# Create a palette for later
pal <- as.character(paletteer::paletteer_d("RColorBrewer::Pastel2"))
# Open the tif and extract the 1 band
tif <- system.file("tif/L7_ETMs.tif", package = "stars")
r <- read_stars(tif)[, , , 1]
# What are the dimensions?
st_dimensions(r)
#> from to offset delta refsys point x/y
#> x 1 349 288776 28.5 SIRGAS 2000 / UTM zone 25S FALSE [x]
#> y 1 352 9120761 -28.5 SIRGAS 2000 / UTM zone 25S FALSE [y]
#> band 1 1 NA NA NA NA
Introduction
For a long time, I have been using the raster
package to manipulate raster data in R. Slowly, I am trying to work my way out with the new stars
package. In this post, I am exploring different ways to extract values from a raster at different geographic locations. For this exercise, I am using a Landsat 7 image that is provided within the stars
package. Each pixel has a resolution of 30 meters.
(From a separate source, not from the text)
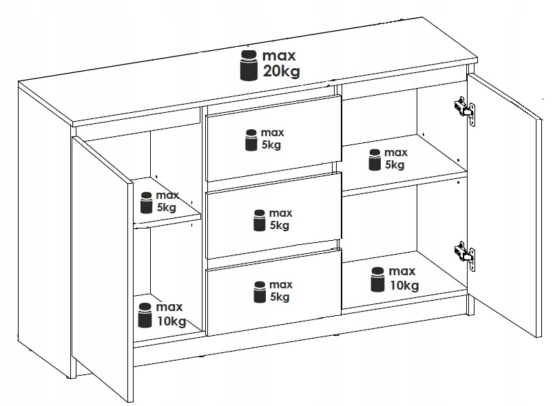 Комод COCO с 2 дверцами и 3 ящиками
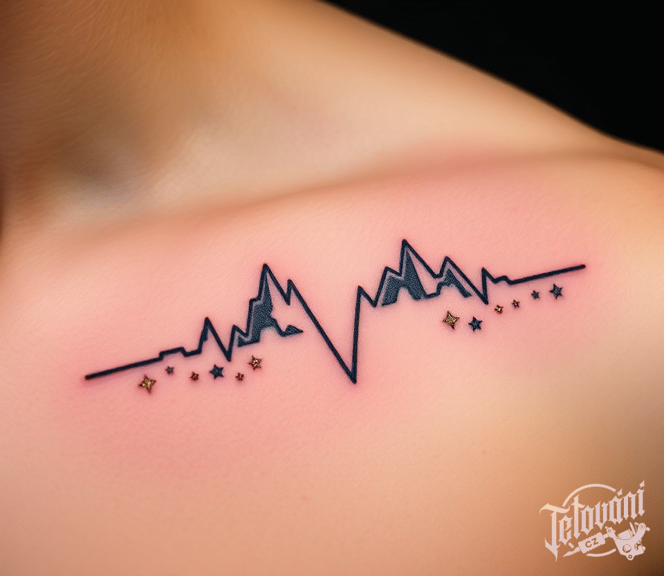 Tetování srdce, tep srdce a příroda, hory pod klíční kost

This is what the original image looks like.
plot(r, key.pos = NULL)
To better visualize the process of subsetting raster values, let’s crop the image so we can see the pixels.
st_bbox(r)
#> xmin ymin xmax ymax
#> 288776.3 9110728.8 298722.8 9120760.8
r <- r %>%
st_crop(st_bbox(c(
xmin = 294000,
xmax = 294500,
ymin = 9110800,
ymax = 9111200
), crs = st_crs(r)))
plot(r, reset = FALSE, key.pos = NULL)
We can also display the value of each pixel by using text_values = TRUE
. This is also where I am using the pal
colour vector I created earlier.
plot(r, text_values = TRUE, col = pal, key.pos = NULL)
Sampling random locations
Using this new raster, let’s randomly sample four points.
Extracting raster values using the sampled points
Extracting raster values at point locations can be done using the st_extract()
function. As expected, four values have been extracted.
pts_values <- st_extract(r, pts)
pts_values
#> Simple feature collection with 4 features and 1 field
#> Geometry type: POINT
#> Dimension: XY
#> Bounding box: xmin: 294167 ymin: 9110827 xmax: 294401 ymax: 9111014
#> Projected CRS: SIRGAS 2000 / UTM zone 25S
#> L7_ETMs.tif geometry
#> 1 71 POINT (294401 9110940)
#> 2 70 POINT (294378.3 9110871)
#> 3 72 POINT (294192.5 9111014)
#> 4 68 POINT (294167 9110827)
Extracting raster values using buffers around the sampled points
I found that extracting raster values using polygons was a bit more tedious (at least at this stage of my understanding of the stars
package).
Generate buffers
Let’s generate buffers of 30 meters around each of the four sampled pixels.
poly <- st_buffer(pts, dist = 30)
class(poly)
#> [1] "sfc_POLYGON" "sfc"
plot(r, text_values = TRUE, col = pal, key.pos = NULL, reset = FALSE)
plot(st_sfc(poly), add = TRUE, border = "red", lwd = 2, col = NA)
plot(
pts,
add = TRUE,
pch = 21,
cex = 2,
bg = alpha("red", 0.5),
col = alpha("red", 0.5)
)
We can visualize which pixels fall within each buffer. Looking at the next figure, one can ask why there are not always the same number of pixels in each buffer. The reason is that the arc of the circle must pass through the center of each pixel to be included in the buffer.
r[poly] %>%
st_as_sf() %>%
ggplot() +
geom_sf(aes(fill = factor(V1)), color = "#3c3c3c") +
geom_sf(data = st_sfc(poly), fill = NA, color = "blue") +
geom_sf(data = pts, color = "red", size = 2) +
geom_sf_text(aes(label = V1)) +
paletteer::scale_fill_paletteer_d("RColorBrewer::Pastel2") +
theme(
legend.position = "none"
)
Extracting pixel values covered by the polygons
Now that we have defined four buffers with a 30 meters radius, we could be tempted to re-use st_extract()
.
st_extract(r, poly)
#> stars object with 2 dimensions and 1 attribute
#> attribute(s):
#> Min. 1st Qu. Median Mean 3rd Qu. Max.
#> L7_ETMs.tif 68.33333 69.83333 71 70.95833 72.125 73.5
#> dimension(s):
#> from to refsys point
#> geometry 1 4 SIRGAS 2000 / UTM zone 25S FALSE
#> band 1 1 NA NA
#> values
#> geometry POLYGON ((294431 9110940,...,...,POLYGON ((294197 9110827,...
#> band NULL
Surprisingly, we can not use st_extract()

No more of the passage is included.